Por eso tal vez no es coincidencia que esos privilegios comenzaran paulatinamente a desaparecer. La limosina fue reemplazada por un Volga. De regreso de Alemania, Gorbachov fue notificado de que no podría seguir usando el Salón Presidencial del aeropuerto de Moscú. Ahora no sólo acaba de pasar por la humillación de sus oficinas, sino que se le prohibió hacer un viaje a Italia, mientras se le permitió ir a Alemania a la exequiasde su amigo Willy Brandt, pero por razones "humanitarias".
El último episodio de la pelea está dominado por un exótico proceso judicial que tiene lugar en Moscú, del que Gorbachov se ha negado a participar. Se trata de un juicio ante la Corte Constitucional iniciado el 8 de julio por 37 ex legisladores comunistas, contra los decretos de Yeltsin que declararon ilegal al PCUS. Una contrademanda de 52 partidarios de Yeltsin sostiene que el inconstitucional era el partido mismo, pues se había convertido en el corazón de un "estado criminal".
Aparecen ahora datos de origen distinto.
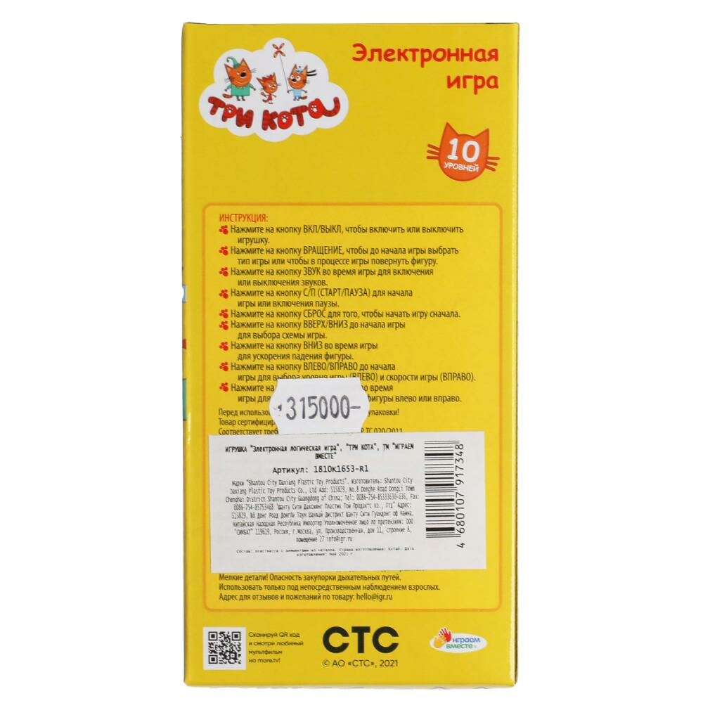 Электронная логическая игра Три кота станет прекрасным подарком для ребёнка. Эта занимательная головоломка надолго увлечёт малыша. Он с лёгкостью освоит управление и в увлекательной форме сможет развивать своё логическое мышление.
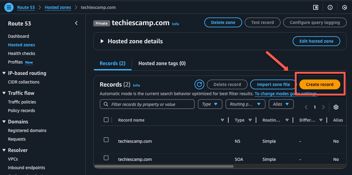 Once provide all the required information, click the Create hosted zone button to create the private hosted zone.
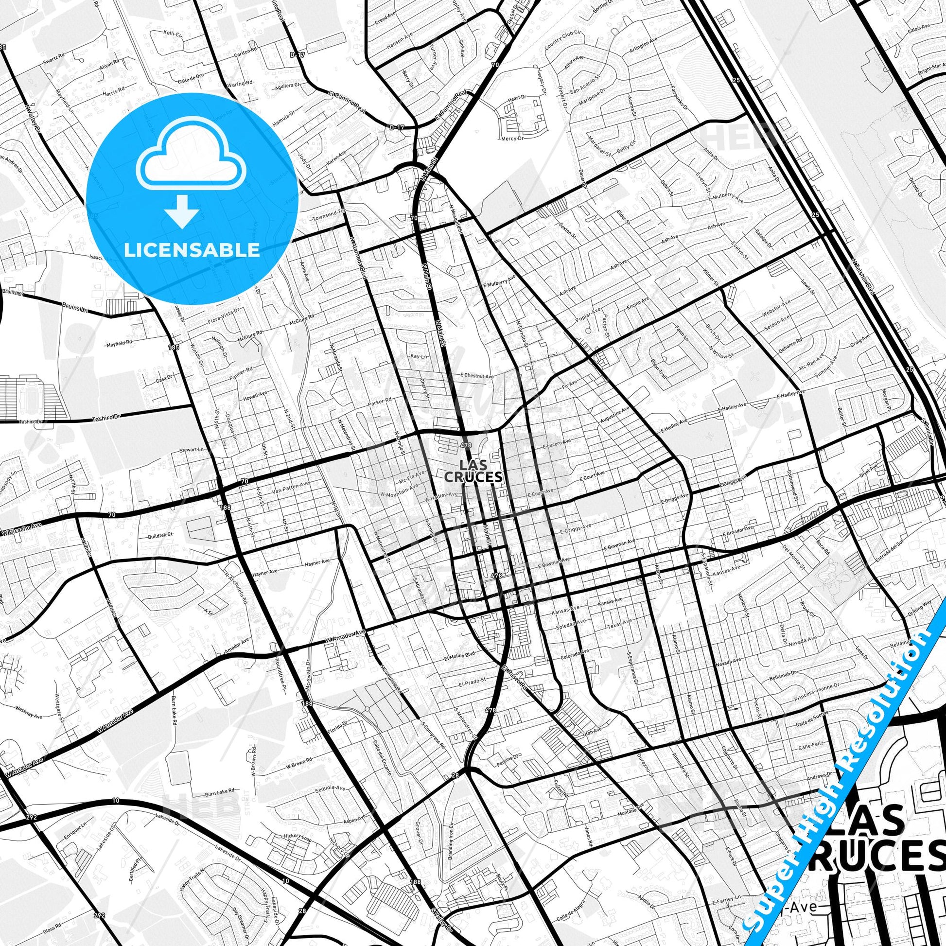 Las Cruces, New Mexico, New Mexico in high-resolution, minimalist map designed for printed use. This detailed black and white map accurately highlights the street network and urban layout, making it an ideal ready-to-use map for your business.
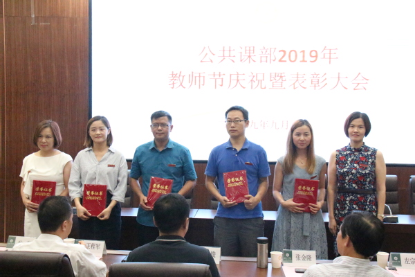新闻中心讯(记者 袁灏宸)9月5日下午2:30,武汉工商学院公共课部2019年教师节庆祝暨表彰大会在第四会议室隆重召开。华中科技大学教授、武汉工商学院原校长张金隆,武汉工商学院副校长张俊,校长助理左宗文、王程军、刘春,学校办公室主任狄奥,公共课部主任吴珊、副主任李晶,党总支书记朱威以及各学院(部)教师代表参加了此次会议,会议由朱威书记主持。
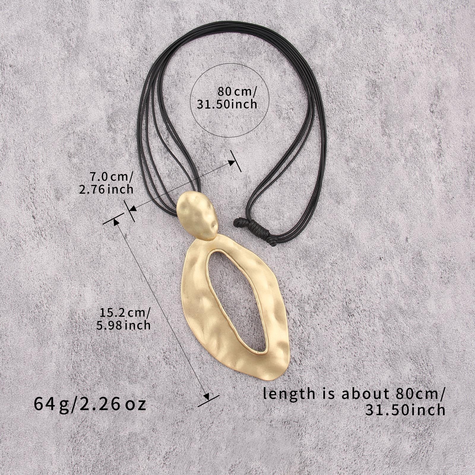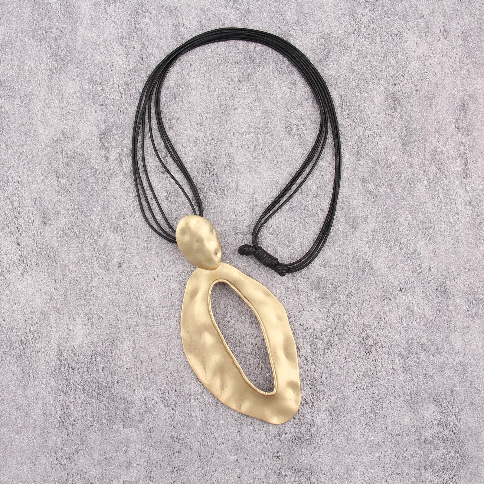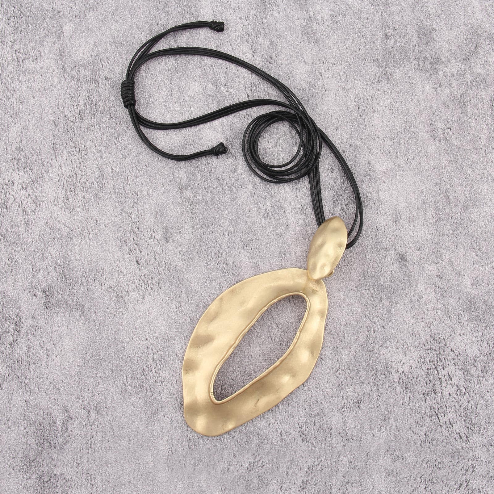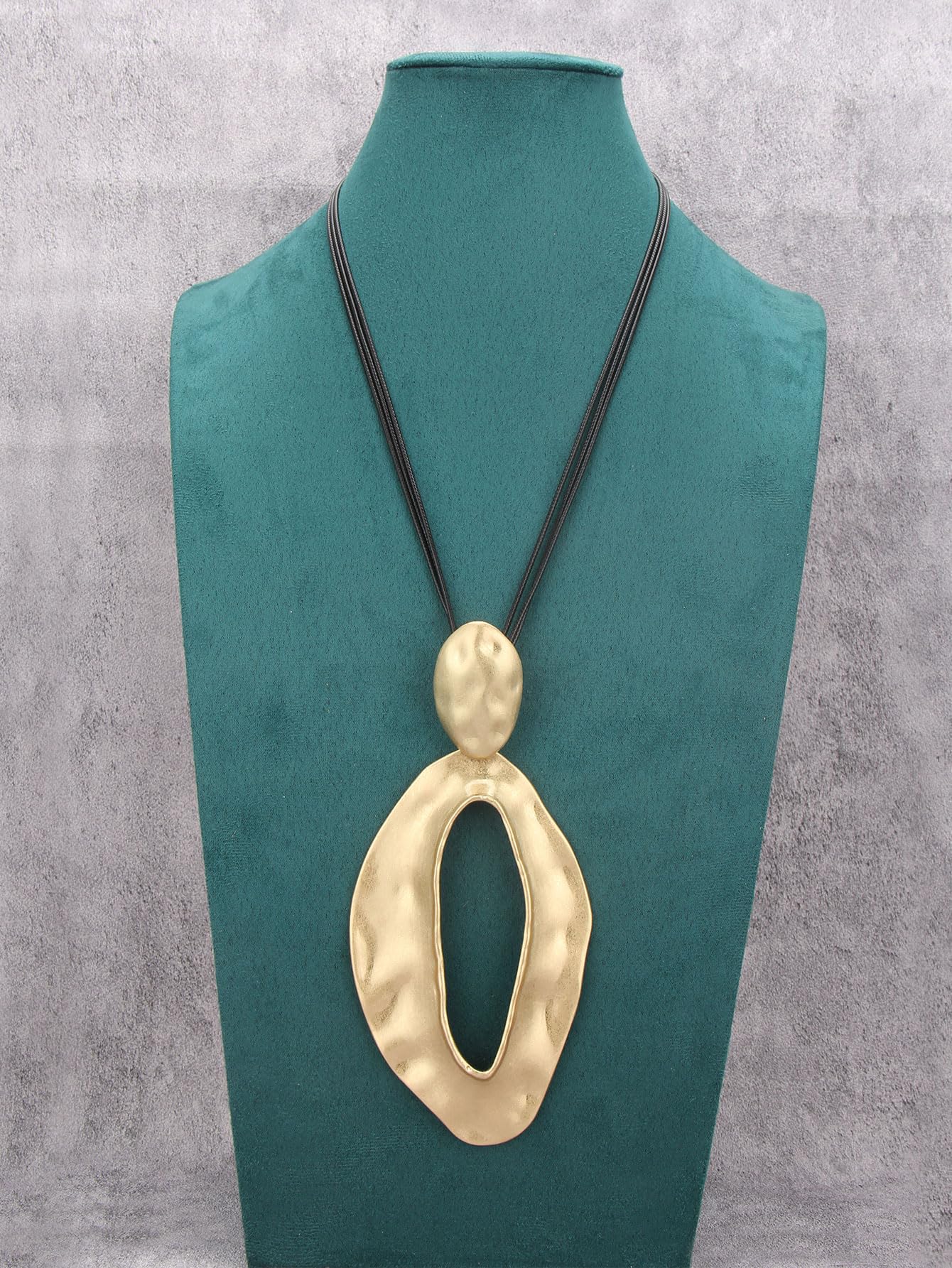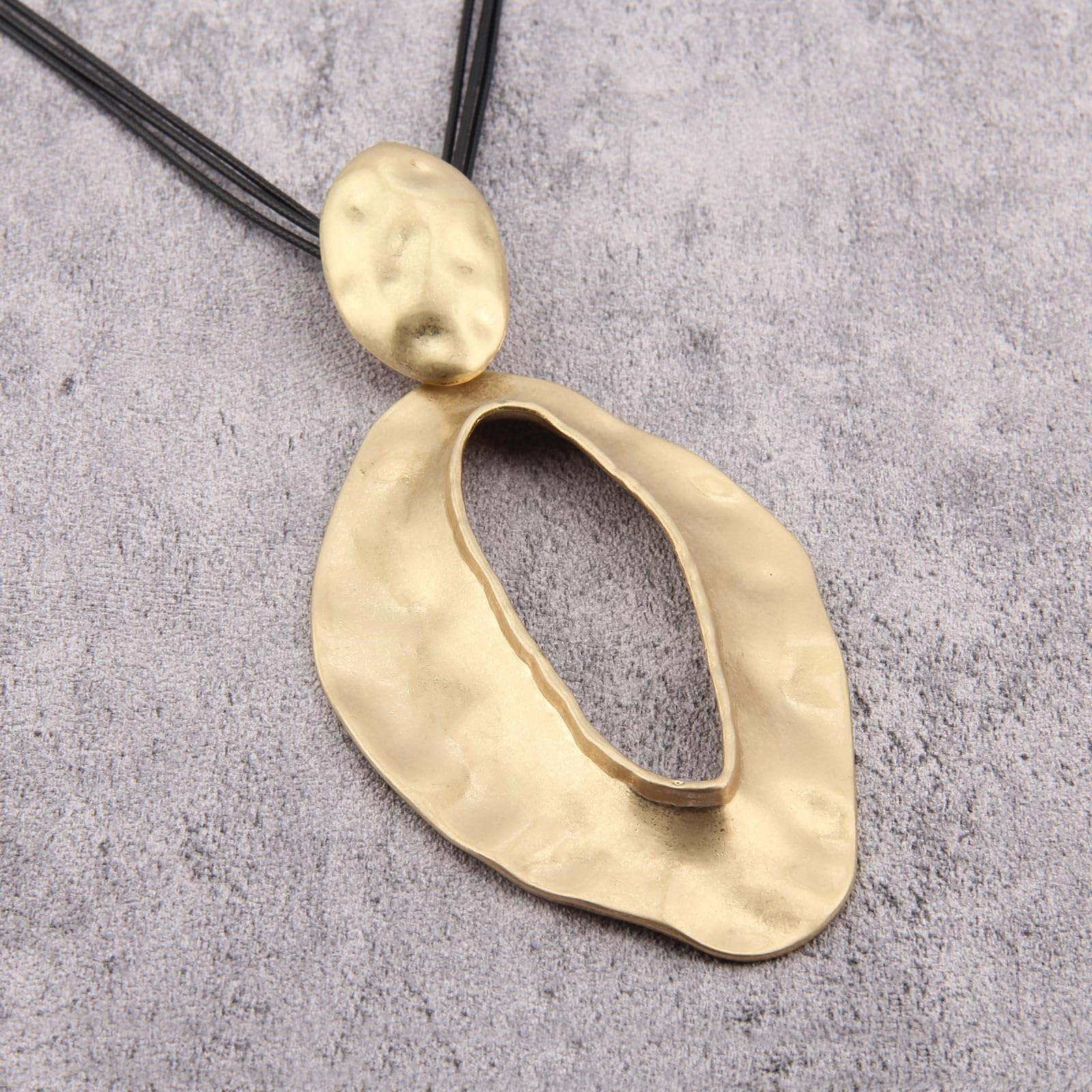 The large pendant features an abstract, organic shape with a hammered texture, exuding a handcrafted, artisanal charm.

El resultado es en realidad un juicio político en el que lo que está de por medio es la legitimidad del poder de Yeltsin y la titularidad de los enormes bienes del PCUS. Gorbachov se niega a participar como testigo en ese "nuevo Nuremberg", al que considera un imposible "juicio a la historia". Pero Yeltsin está dispuesto a llevarle al estrado de cualquier forma, lo cual señala que el choque de trenes entre esas dos figuras onumentales está lejos de terminar.